**EXERCISE INSTRUCTIONS**.
I'd ask you to write out the lines below exactly, with no images.

━━ RECORDED DATA ━━

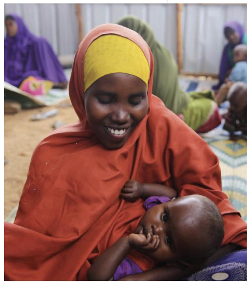
Somalia Humanitarian Response Plan, Jan 2020

HUMANITARIAN PROGRAMME CYCLE 2020 (2020 JANUARY - 2021 JANUARY)
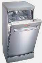
40 more dishwashers from Hong Kong

━━━

**EXERCISE RESPONSE**.
Somalia Humanitarian Response Plan, Jan 2020

HUMANITARIAN PROGRAMME CYCLE 2020 (2020 JANUARY - 2021 JANUARY)
40 more dishwashers from Hong Kong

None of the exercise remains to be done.